The order by U.S. District Judge Robert L. Hinkle in Tallahassee follows more than two dozen other state and federal court rulings across the country over the past year striking down laws against recognizing or performing gay marriages.
Likening Florida’s ban to laws from decades ago prohibiting interracial marriage, Hinkle wrote that future observers will “wonder just how those views could have been held.”
“Marriage is a fundamental right,” he said in yesterday’s ruling. “Gays and lesbians, like all other adults, may choose a life partner and dignify the relationship through marriage.”
Since the U.S. Supreme Court last year struck down a provision of the federal Defense of Marriage Act defining marriage as between a man and a woman, 19 federal courts across the U.S. have ruled that state laws denying same-sex marriage rights are unconstitutional, Hinkle wrote.
Many of those rulings have been put on hold as appeals advance toward the Supreme Court. Hinkle stayed his ruling pending the outcome of those cases.
U.S. appeals courts in Denver and Richmond, Virginia, have affirmed lower-court findings that same-sex marriage bans in Utah, Oklahoma and Virginia are unconstitutional. Wisconsin and Indiana rulings are set to be considered this month by a federal appeals court in Chicago, while Nevada and Idaho cases come before a San Francisco-based appeals panel in September.
A federal appeals court in Cincinnati heard arguments this month on lower-court rulings striking down prohibitions in Michigan and Kentucky, ordering Ohio and Tennessee as well as Kentucky to recognize gay marriages legally performed elsewhere and ruling that Ohio must recognize such unions on birth and death certificates.
If the panel of two Republican appointees and one Democrat affirms the bans, a split with a Denver appeals court will occur, making Supreme Court review probable.
Any of the appellate cases could be accepted for review by the high court.
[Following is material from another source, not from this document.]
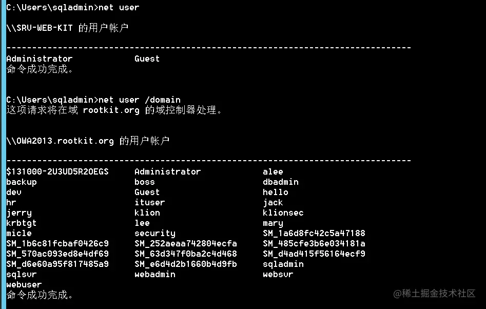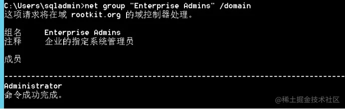 net group “Enterprise Admins” /domain 查询管理员用户组里面的成员

A ruling by an appeals court that upholds a gay-marriage ban would make a review by the nation’s top court more likely.
Jennifer Meale, a spokeswoman for Florida Attorney General Pam Bondi, a Republican, declined to say whether the state would appeal Hinkle’s decision to the U.S. Court of Appeals in Atlanta, which has jurisdiction over federal courts in Florida.
“We are reviewing the ruling,” she said in a phone interview.
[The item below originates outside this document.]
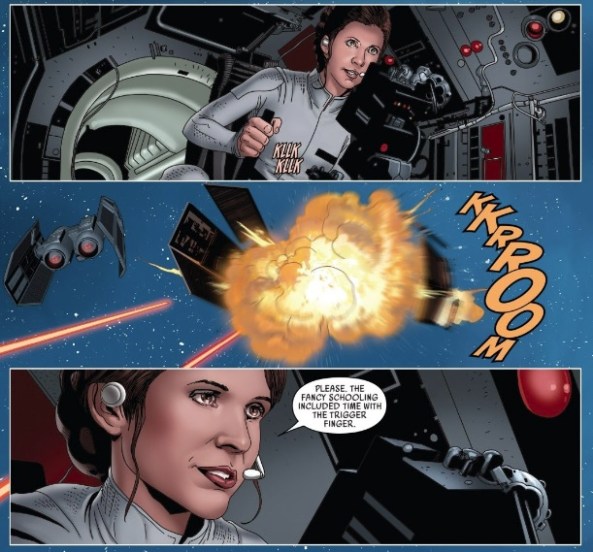 Larroca, like many Star Wars directors before him, rapidly cuts between ships’ interiors and exteriors. But Larroca finds a bunch of other ways to link his cast to their weaponized vehicles. Because this is a comic book, the reader is able to see an entire page at once, meaning that instead of feeling like a series of rapid cuts, we are witnessing what’s happening inside and outside of the ships simultaneously. Let’s look at how effective this when Leia blows up a TIE fighter with the Millennium Falcon’s dorsal gun turrets.

In July, state judges in Miami and the Florida Keys also ruled that the Florida ban was unconstitutional.
Florida’s refusal to recognize same-sex marriages “serves no legitimate purpose and is hurtful to Florida families,” said Daniel Tilley, a staff attorney with the American Civil Liberties Union of Florida, which filed the federal case. “We’re very pleased to see the ban held unconstitutional in such unequivocal terms so that all Florida families will soon finally have the same protections.”
The case is Brenner v. Scott, 14-cv-00107, U.S. District Court, Northern District of Florida (Tallahassee).